DR. COHN: That is what I am saying. Normally we would send them the e-mail document or whatever because we would know who they are but we can certainly also put it on the web site and just note it as a draft document.
DR. STEINDEL: We did that with the e-prescribing letters, too.
DR. COHN: Once again, I don't know that we need to discuss this at length during an open session.

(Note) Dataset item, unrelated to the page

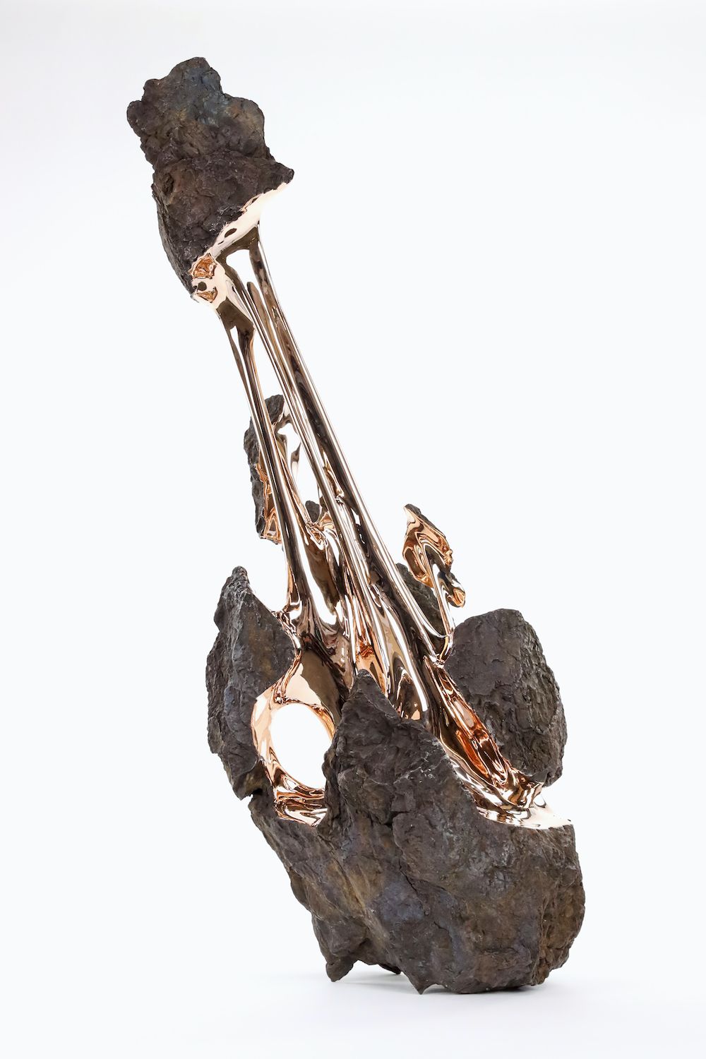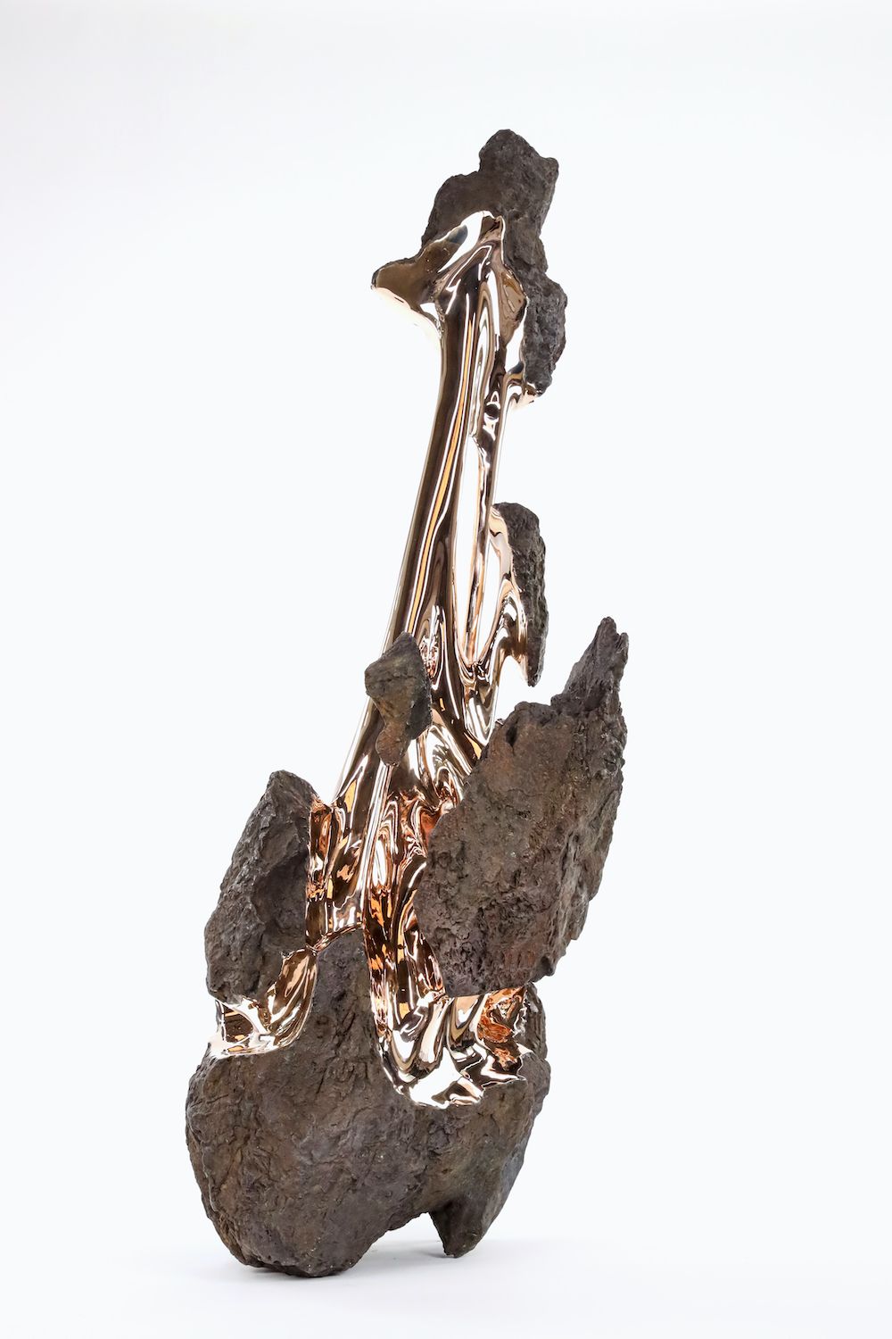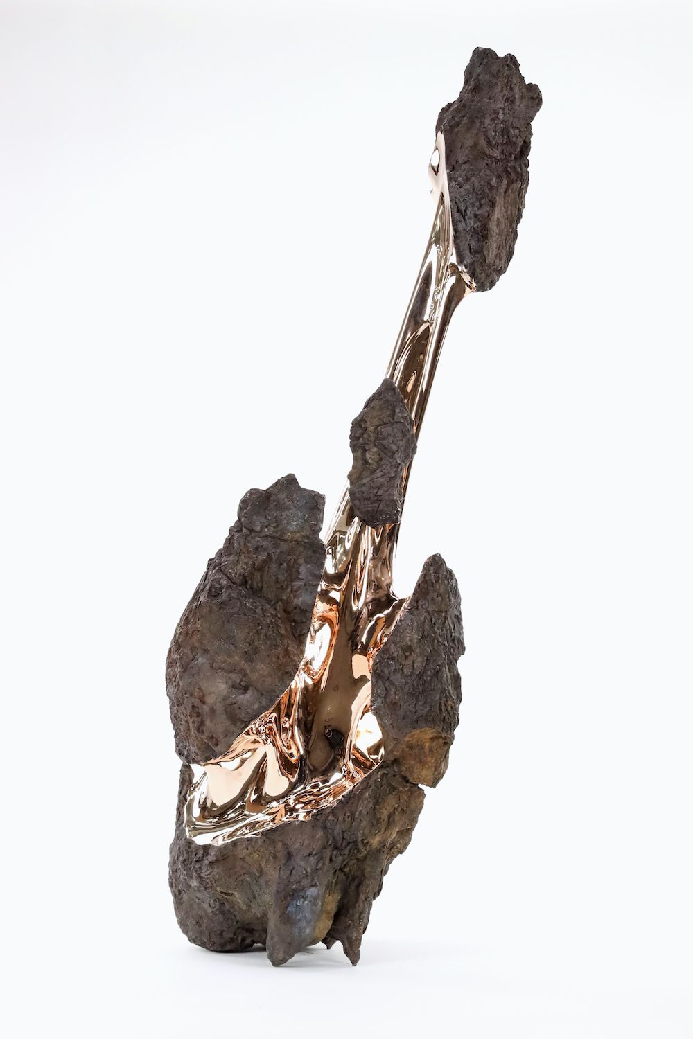 Romain Langlois draws his inspiration from nature. These stumps, rocks, abandoned branches are brought back to life by the artist thanks to his spectacular bronze work. Thanks to the bronze patina, the copied nature is formally transformed as well as substantially: the forms are stretched, hollowed out and a golden material – achieved by polishing the bronze – springs from the object’s core. Precious pieces are created before our eyes, making us forget the unimportance of their origin.
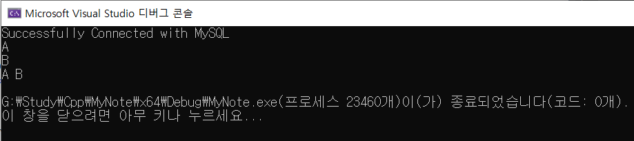 std::cout << row[0] << std::endl; // name 컬럼의 값을 출력

We have a number of different pieces going on at the same time.
Obviously, much work to be during the summer. We know we have a number of calls in place. We will be having hopefully a draft document for everyone to review and provide us comment on before the 31st and then hopefully there will be a second revision by a week before the 31st, based on anybody's comments at that point.
Once again, just sort of moving forward.
I want to thank everybody. We are running a couple of minutes late. I think it has been a very useful set of hearings and I am actually very pleased with where we are at this point, which is a lot of information I think to evaluate. I think some views that -- our initial views are not so divergent from I think what we were hearing from the private sector and from our testifiers.
I want to thank everybody --
MR. BLAIR: Especially Mary Jo for the way she pulled together this very successful agenda.
DR. COHN: And to my vice-chairs, Jeff Blair and Harry Reynolds without which we would obviously not have had these hearings for these two days.
So, thank you both very much.
Okay. With that the meeting is adjourned.
[Whereupon, at 5:05 p.m., the meeting was concluded.]